Where Homosexuality Is the Norm
Edward (Ted) Fischer is the Director of Latin American Studies at Vanderbilt University.
Fischer studies cultural anthropology, specializing in matters of economics and moralities. Most of his fieldwork has been in Guatemala (with the Maya) but he has also worked in and written on Germany and the United States. His books include “Cultural Logics and Global Economies,” “Maya Cultural Activism,” and “Broccoli and Desire.” With Peter Benson he is now working on a project titled “Markets and Moralities.” He also has a video series out from The Teaching Co. titled “Peoples and Cultures of the World.”
He received his PhD, in anthropology at Tulane University and his undergraduate degree from University of Alabama at Birmingham after studying at Birmingham-Southern College.
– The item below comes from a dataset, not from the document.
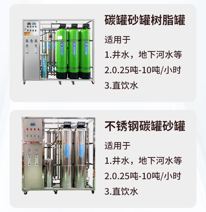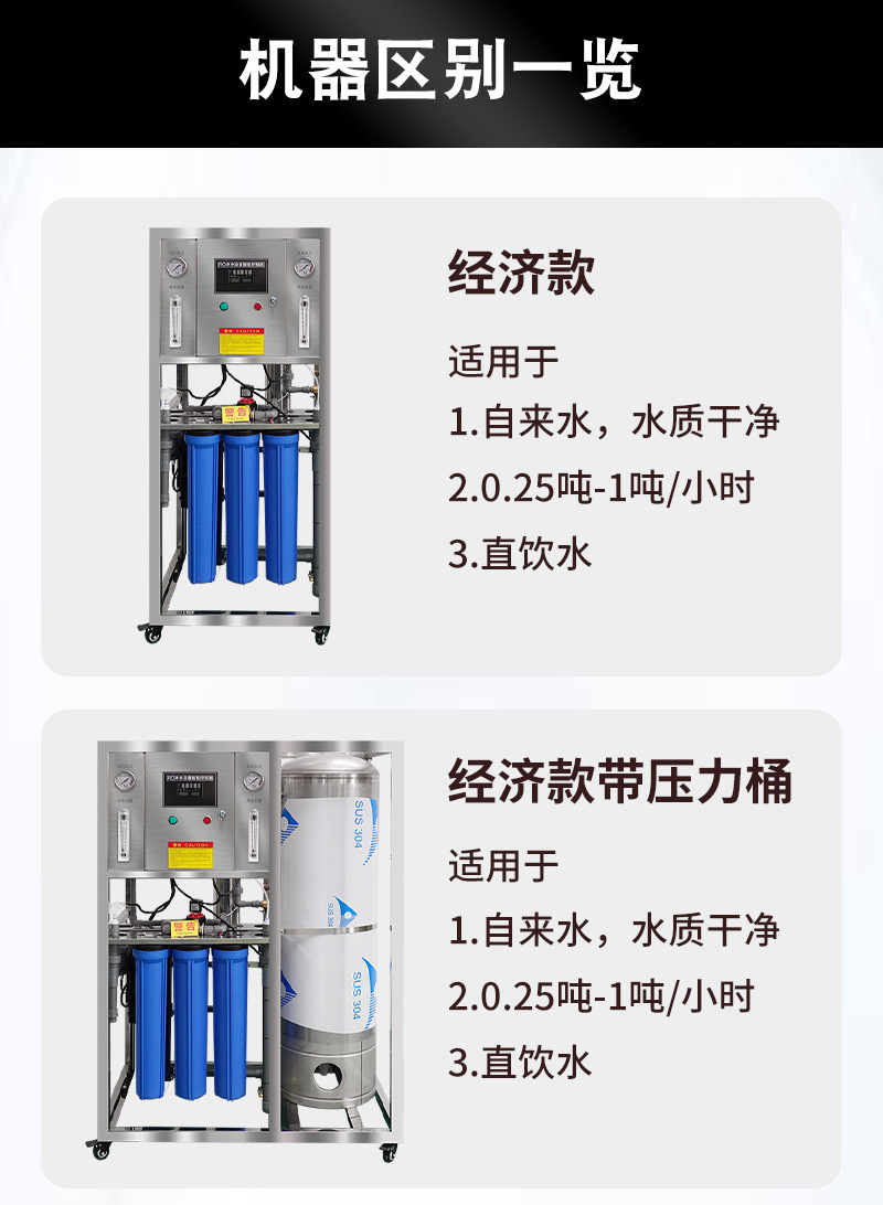 250 литров в час + экономичная модель (источник водопроводной воды); 250 литров в час + модернизированная версия; 250 литров в час + депозит бочки под давлением; 250 литров в час + двойной стеклянный резервуар; 250 литров в час + три стеклянные банки; 500 литров в час + экономичная модель (источник водопроводной воды); 500 литров в час + напорный баррель; 500 литров в час + двойной стеклянный резервуар; 500 литров в час + три стеклянные банки; 1 тонна в час + экономичная модель (источник водопроводной воды); 1 тонна в час + бочка под давлением; 1 тонна в час + двойной фильтрующий резервуар; 1 тонна в час + три фильтрующих бака; 2 тонны в час + двойной фильтр-бак; 2 тонны в час + три фильтрующих бака; Двухступенчатый обратный осмос производительностью 0,25 тонны.; Двухступенчатый обратный осмос 0,5 тонны.

Question: Where is homosexuality completely accepted?
Ted Fischer: How love is manifested varies greatly from culture to culture. And we, I think, often think of our way as the only way, or the best way, or the natural way, and yet it’s not. And this is really the power of anthropology is showing us we naturally think the way we do things is best very often. And looking around the world and saying, “Oh, among the Sambia in New Guinea they form homosexual bonds between men and also have husbands and wives.” That’s a different way of configuring families. A different way of configuring love. And it opens up the range of possibility for us to reconsider the way in which we do things. And it doesn’t mean we have to adopt somebody else's pattern, but just knowing that we construct this world in which we live, and if we want to we can change it.
There are few notable cases around the world. Among Plains Indians before contact and even shortly after contact, there was a recognized; sometimes it’s called a third gender. So men who would feel like they are truly women, and they would dress as women, and the they would take male husbands, and very much a pattern of romantic love, falling in love, marrying, not having children, of course but still living as husband and wife. So that’s one pattern that we find in a few cultures around the world. More often, interestingly, of men feeling that they should be women. A few cases that we find of women feeling that they should be men and dressing as men, but that seems to be more transgressive for cultures in some way. So that’s one pattern.
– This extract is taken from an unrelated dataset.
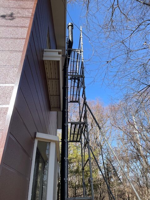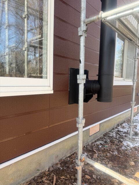 2025年12月14日 / 最終更新日 : 2025年12月14日 滝沢 公一 ブログ 長野県野辺山で薪ストーブの煙突工事をしました。 高所作業車が入らないため足場を設置して作業を始めました。 住宅の構造材を避け壁を開口後眼鏡石、煙突支持金具を取り付け壁に添って屋根上まで順次煙突を継ぎ足していきます。 断熱二重煙突が屋根上の所定の高さまで到達後チムニートップ取付、野外の煙突工事を終了。 薪ストーブsedanL(スドンL)を搬入、所定の位置に置き、背面だし煙突を取り付け室内側工事完了。 Follow me! FacebookXBlueskyHatenaCopy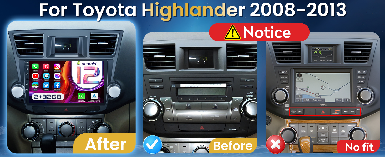 【 CarPlay and Android Auto】 The radio for 2008 Highlander supports wireless and wired CarPlay/Android Auto connection, providing excellent voice-assisted control. You can use Siri or Google to help you make calls hands-free, and easily get mobile phone contacts, emails, notifications, map navigation, music, videos, etc. Free your hands while ensuring your driving safety.

Question: Are women sexually shunned in any cultures?
Ted Fischer: Another pattern that we find, especially, in New Guinea and in the Amazon region are men forming very strong bonds between themselves, and sometimes this is sexual as well as platonic. And in these cultures a very deep suspicion of women. Women is seen polluting, as dangerous, as someone who would suck a man’s life blood out of them, and so in these cultures there’s still heterosexual bonds, and heterosexual relationships and that’s the norm. And yet it’s seen as dangerous. And men feel more comfortable in the men’s house where only men can go. And for example, among the Sambia of New Guinea that involves -- it involves sexual relations. So young boys are taught about sex by having oral sex with older men. And very -- and sometimes -- and then they’re expected then to go through this progression of having sexual relations with older men, then having sexual relationships with younger men, and then becoming heterosexual, choosing a wife and living with that wife and having children. Very often it’s hard for these men to make that transition to heterosexuality because women are scary, and they don’t want to be too polluted by women. So that’s interesting for this notion that heterosexually is natural. It probably is. I mean, most of the Sambia don’t want to continue with these homosexual relations for the rest of their lives. Some of them do and resist pairing up with a woman. But even for the ones who want to be with women, it’s a hard transition because they’ve learned a different kind of sex.
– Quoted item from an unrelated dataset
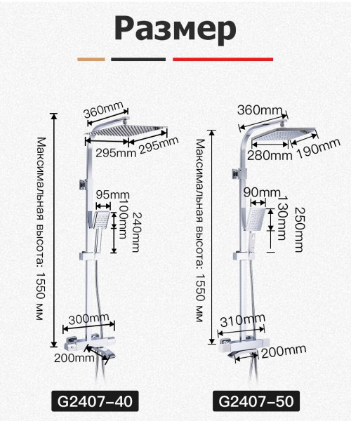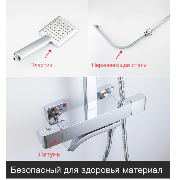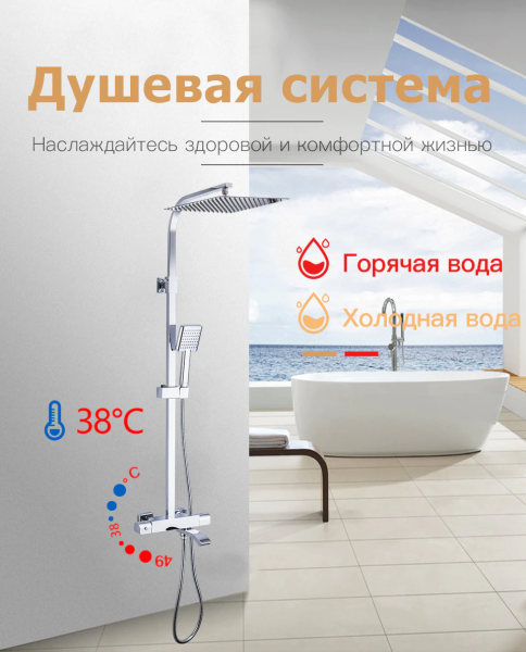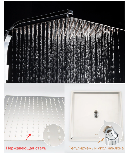 термостатический картридж Guoren; тропический душ (300х300 мм); душевой шланг; шланг вращается на 360 градусов; держатель для лейки. Комплектация: Душевая система Инструкция Гарантийный талон |

But those are the exceptions around the world. In most cultures around the world heterosexuality is the norm, and not only the norm, but the, you know, the very clearly the norm that other sorts of love are looked down upon. But this changes over time. I mean, there were -- we can talk about ancient Rome. We could also talk about times in the United States or in western European history where homosexuality wasn’t accepted but it also was, it was kind of a screaming secret. There were, you know, spinsters who lived together, or men who liked men, and you wouldn’t talk about it in polite company, but it was one of those things we know it goes on and we just won’t talk about it. So we’ve seen homosexuality even in cultures such as our own that have and even in the very recent past had strong prohibitions against homosexual love. Evolutionarily we would expect, and then if there is an evolutionary basis for it, we would expect that it would have evolved to promote male/female bonding. It just makes evolutionary sense. But it doesn’t mean, I mean, the beauty of humans is we’ve evolved these huge brains so that we’re not slaves to our biology any more. We’re not automatons. We, again, we create our forms of love. We make love. If we can use that as a phrase. And so we can make love in different sorts of ways.